## Input for this task
---------------
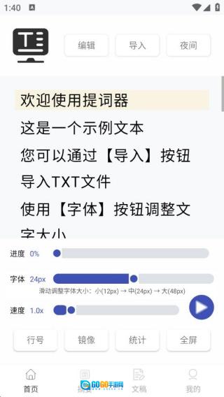 1、软件安装完成后进入首页,可对提词内容进行编辑,字体、进度、速度等均可根据需求调整。
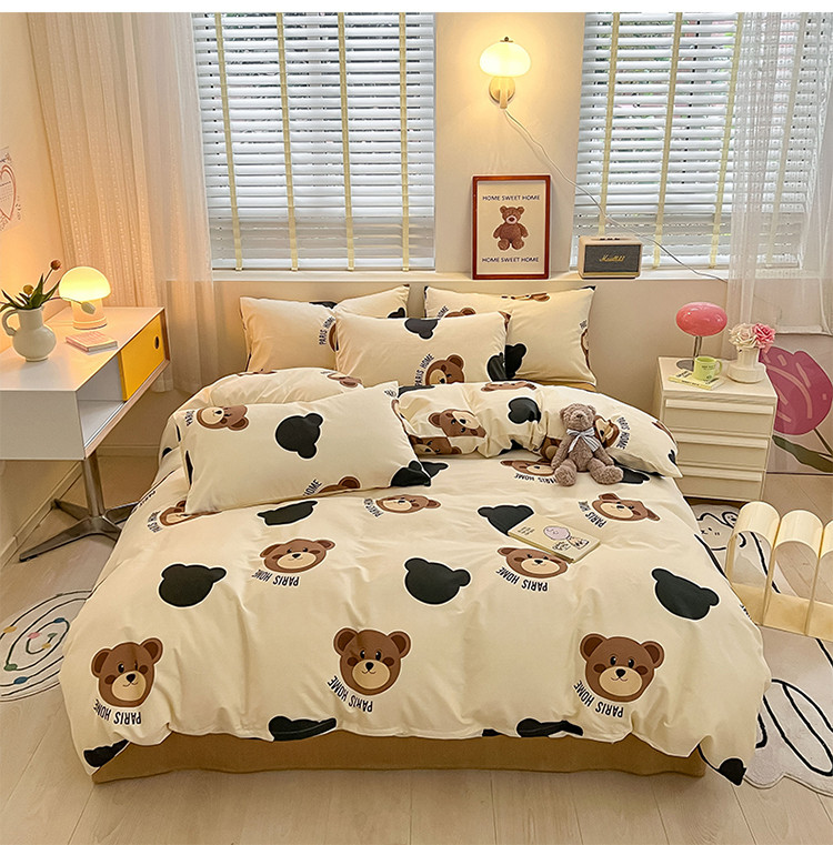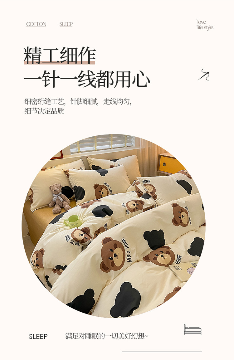 (总)蓝邻家纺 2024新款小清新印花全棉四件套学生宿舍三件套,茶园兔,风翩,机灵兔熊,可妮露,藤蔓兔,筱薇
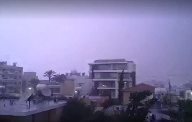 Χαρακτηριστικές είναι οι εικόνες από το κέντρο της Λευκωσίας όπου έγινε “η νύχτα μέρα” λόγω των κεραυνών που έπεσαν στην περιοχή.
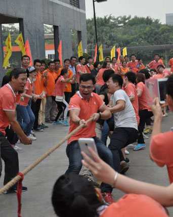 運動場上,最矚目的要數參與度最高的拔河比賽。參賽隊隊員們個個摩拳擦掌,躍躍欲試。隨著一聲哨響,拔河比賽正式開始,比賽中參賽隊員雙手緊握長繩,大家都鉚足了勁兒、全力拼博,隨著長繩子上紅色錘線的左右移動,場外加油聲、吶喊聲、口號聲、歡呼聲連成一片,場面頗為壯觀。
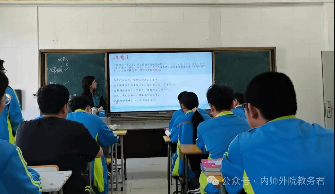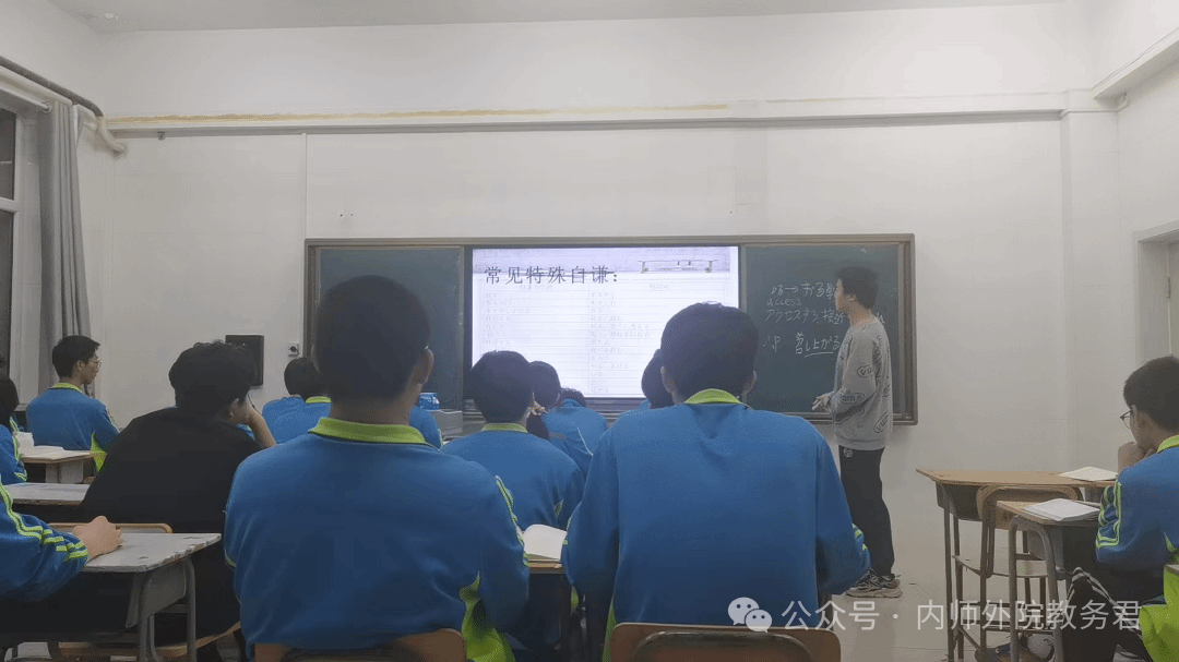 21级日语二班乌仁图雅同学为高一年级组同学们进行授课,讲解初级日语语法。
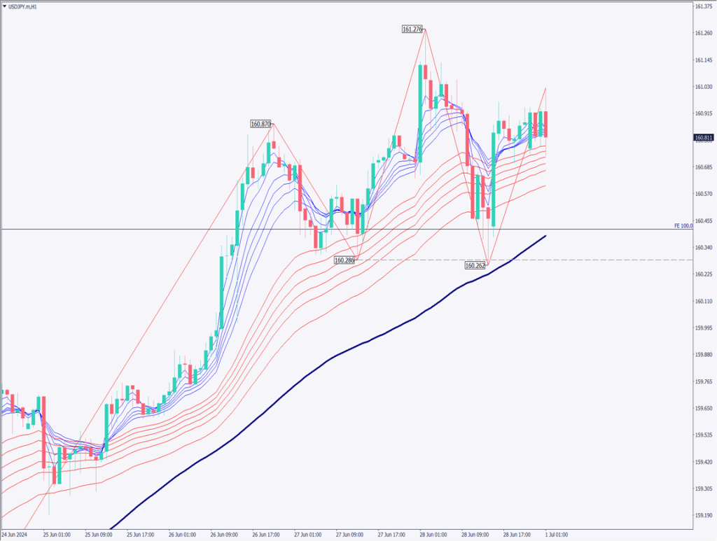 ドル円の1時間足チャートを分析する。161円台では反落しているものの、160.40円で反発しており、押し目買いが継続している。直近高値は161.27円であり、上抜けするかに注目だ。上抜けした場合、161円台を目指す可能性が高い。
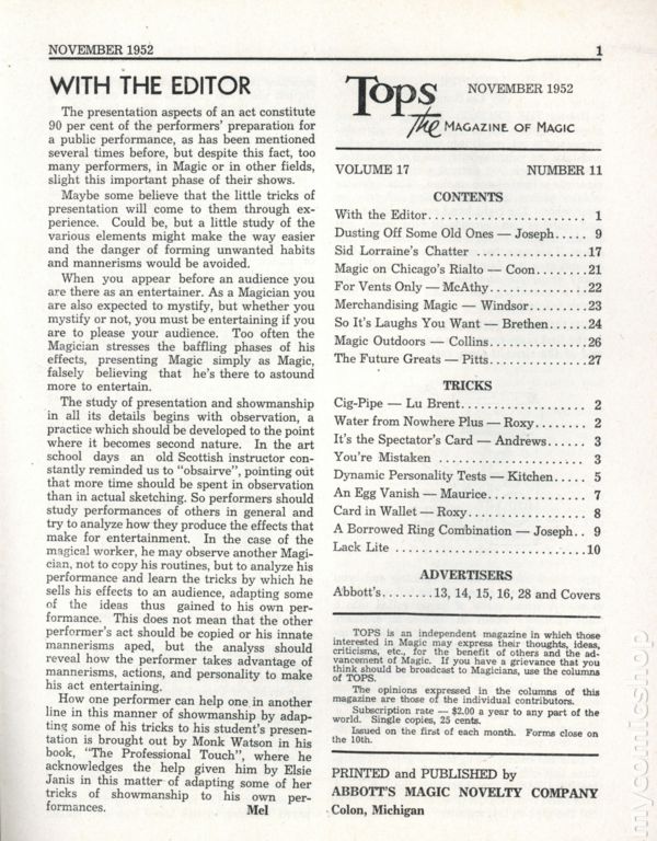 Tops (1936-1957 Abbott Magic & Novelty Co.) Vol. 17 #11
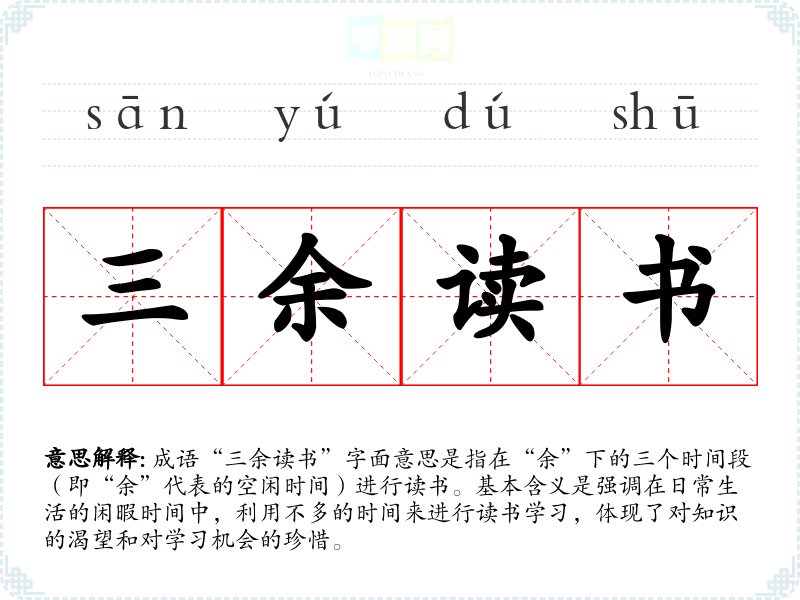 成语“三余读书”字面意思是指在“余”下的三个时间段(即“余”代表的空闲时间)进行读书。基本含义是强调在日常生活的闲暇时间中,利用不多的时间来进行读书学,体现了对知识的渴望和对学机会的珍惜。
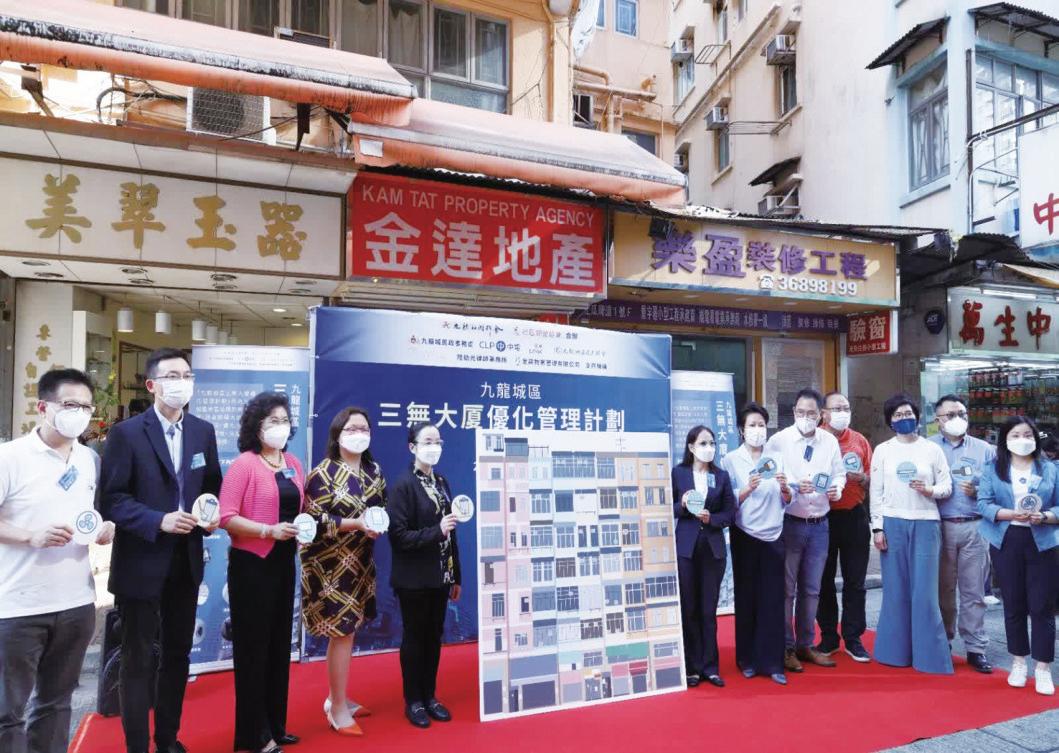 2 九龍城三無大廈管理計劃啟動 由九龍社團聯會及社區關愛協會有限公司主辦的「九龍城區三無大廈管理 計劃 」 10 月 7 日啟動 , 希望改善區內該類大廈衞生清潔情況 , 優化大廈公共區 域環境,及提供各類的支援服務。 目前全港有 4000 餘棟 「 三無大樓 」, 其中九龍城區內數目多達數百棟 。 計劃第一階段以九龍城區土瓜灣道 9 11 號作為計劃試點大廈 , 聆聽並收集居 民意見,邀請支持機構參加改善工作,其中行動包括:拆除損壞舊信箱,為包 括劏房在內所有單位統一更換全新不鏽鋼信箱;修葺並整理電線,以符合消防 規例的防火物料美化樓道線路管道等。 第二階段將會向九龍城區其他「三無大廈」推行,並提供更多元的支援, 旨在打造一個屬於社區的、可持續的自給自足良性就業系統,實現市民參與治 理社區。 www.KowLoonPost.hk 分享本版內容 新聞回11 顧(2022 年 10 月 5 日至 2022 年 10 月 18 日) 2022 年 10 月 18 日 星期二 ▲ 活動贊助人蕭靖瑜 、 九龍社團聯會油尖 旺地區委員會主任楊子熙 、 香港關愛社群 協會主席李耳環 、 油尖旺社團聯會首席會 長羅家聰一齊同小朋友互動體驗遊戲 義工與基層單親小孩共融 ▲九龍城區三無大廈管理計劃日前啟動。(主辦方提供) ▲ 多戶家庭進行家居維修 ▲「愛心前行在觀塘」活動在秀茂坪社區會堂舉行揭幕禮
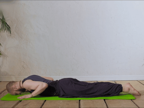 Лягте на пол животом вниз, грудь прижата к полу. Поддерживая вес тела на ладонях, поднимите грудную клетку и запрокиньте голову назад. Смотрите на потолок. Поднимаясь, делайте вдох, в верхней точке задержите дыхание на 8 секунд. Выдыхая, вернитесь в исходное положение. Выполните 8 раз.
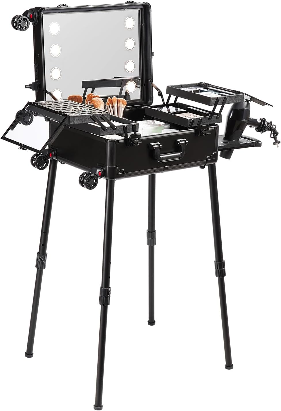 • Lightweight and Portable: The makeup case weighs only 24.9 pounds/11.3 kilograms and is equipped with an adjustable pull rod and 360° rotating large-size wheels, making it easy to carry. You can easily fit it in the trunk of your car or take it on a plane, making it your mobile makeup workstation.
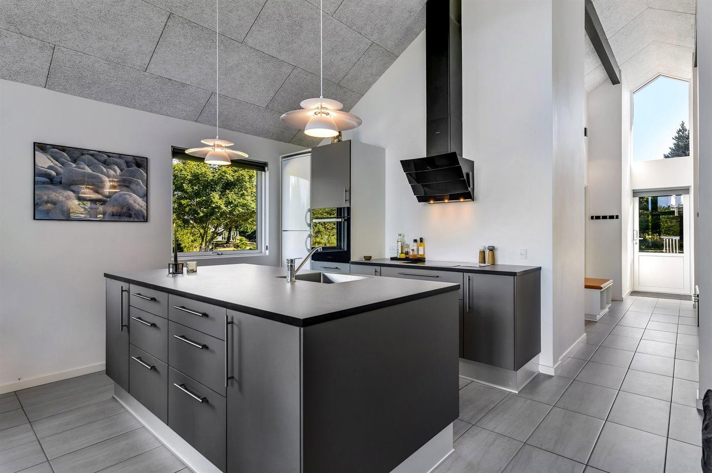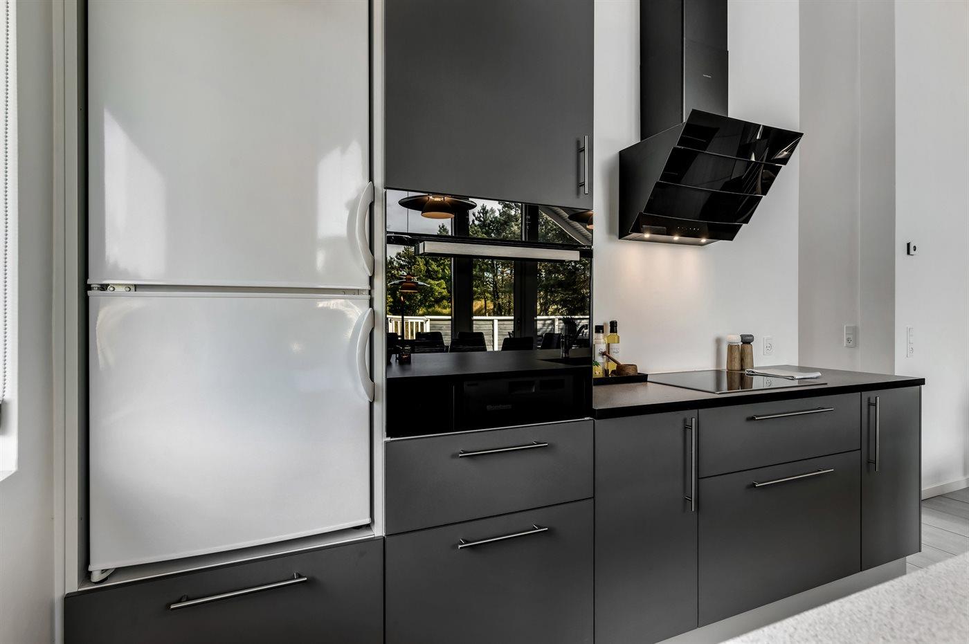 Køkkenet er udstyret med 1 køleskab. Der er 4 keramiske kogeplader, varmluftovn, mikrobølgeovn samt opvaskemaskine.
---------------
## Try it
Write the records out again exactly; none of the pictures belong in the copy.

## Response area
 1、软件安装完成后进入首页,可对提词内容进行编辑,字体、进度、速度等均可根据需求调整。
 (总)蓝邻家纺 2024新款小清新印花全棉四件套学生宿舍三件套,茶园兔,风翩,机灵兔熊,可妮露,藤蔓兔,筱薇
 Χαρακτηριστικές είναι οι εικόνες από το κέντρο της Λευκωσίας όπου έγινε “η νύχτα μέρα” λόγω των κεραυνών που έπεσαν στην περιοχή.
 運動場上,最矚目的要數參與度最高的拔河比賽。參賽隊隊員們個個摩拳擦掌,躍躍欲試。隨著一聲哨響,拔河比賽正式開始,比賽中參賽隊員雙手緊握長繩,大家都鉚足了勁兒、全力拼博,隨著長繩子上紅色錘線的左右移動,場外加油聲、吶喊聲、口號聲、歡呼聲連成一片,場面頗為壯觀。
 21级日语二班乌仁图雅同学为高一年级组同学们进行授课,讲解初级日语语法。
 ドル円の1時間足チャートを分析する。161円台では反落しているものの、160.40円で反発しており、押し目買いが継続している。直近高値は161.27円であり、上抜けするかに注目だ。上抜けした場合、161円台を目指す可能性が高い。
 Tops (1936-1957 Abbott Magic & Novelty Co.) Vol. 17 #11
 成语“三余读书”字面意思是指在“余”下的三个时间段(即“余”代表的空闲时间)进行读书。基本含义是强调在日常生活的闲暇时间中,利用不多的时间来进行读书学,体现了对知识的渴望和对学机会的珍惜。
 2 九龍城三無大廈管理計劃啟動 由九龍社團聯會及社區關愛協會有限公司主辦的「九龍城區三無大廈管理 計劃 」 10 月 7 日啟動 , 希望改善區內該類大廈衞生清潔情況 , 優化大廈公共區 域環境,及提供各類的支援服務。 目前全港有 4000 餘棟 「 三無大樓 」, 其中九龍城區內數目多達數百棟 。 計劃第一階段以九龍城區土瓜灣道 9 11 號作為計劃試點大廈 , 聆聽並收集居 民意見,邀請支持機構參加改善工作,其中行動包括:拆除損壞舊信箱,為包 括劏房在內所有單位統一更換全新不鏽鋼信箱;修葺並整理電線,以符合消防 規例的防火物料美化樓道線路管道等。 第二階段將會向九龍城區其他「三無大廈」推行,並提供更多元的支援, 旨在打造一個屬於社區的、可持續的自給自足良性就業系統,實現市民參與治 理社區。 www.KowLoonPost.hk 分享本版內容 新聞回11 顧(2022 年 10 月 5 日至 2022 年 10 月 18 日) 2022 年 10 月 18 日 星期二 ▲ 活動贊助人蕭靖瑜 、 九龍社團聯會油尖 旺地區委員會主任楊子熙 、 香港關愛社群 協會主席李耳環 、 油尖旺社團聯會首席會 長羅家聰一齊同小朋友互動體驗遊戲 義工與基層單親小孩共融 ▲九龍城區三無大廈管理計劃日前啟動。(主辦方提供) ▲ 多戶家庭進行家居維修 ▲「愛心前行在觀塘」活動在秀茂坪社區會堂舉行揭幕禮
 Лягте на пол животом вниз, грудь прижата к полу. Поддерживая вес тела на ладонях, поднимите грудную клетку и запрокиньте голову назад. Смотрите на потолок. Поднимаясь, делайте вдох, в верхней точке задержите дыхание на 8 секунд. Выдыхая, вернитесь в исходное положение. Выполните 8 раз.
 • Lightweight and Portable: The makeup case weighs only 24.9 pounds/11.3 kilograms and is equipped with an adjustable pull rod and 360° rotating large-size wheels, making it easy to carry. You can easily fit it in the trunk of your car or take it on a plane, making it your mobile makeup workstation.
 Køkkenet er udstyret med 1 køleskab. Der er 4 keramiske kogeplader, varmluftovn, mikrobølgeovn samt opvaskemaskine.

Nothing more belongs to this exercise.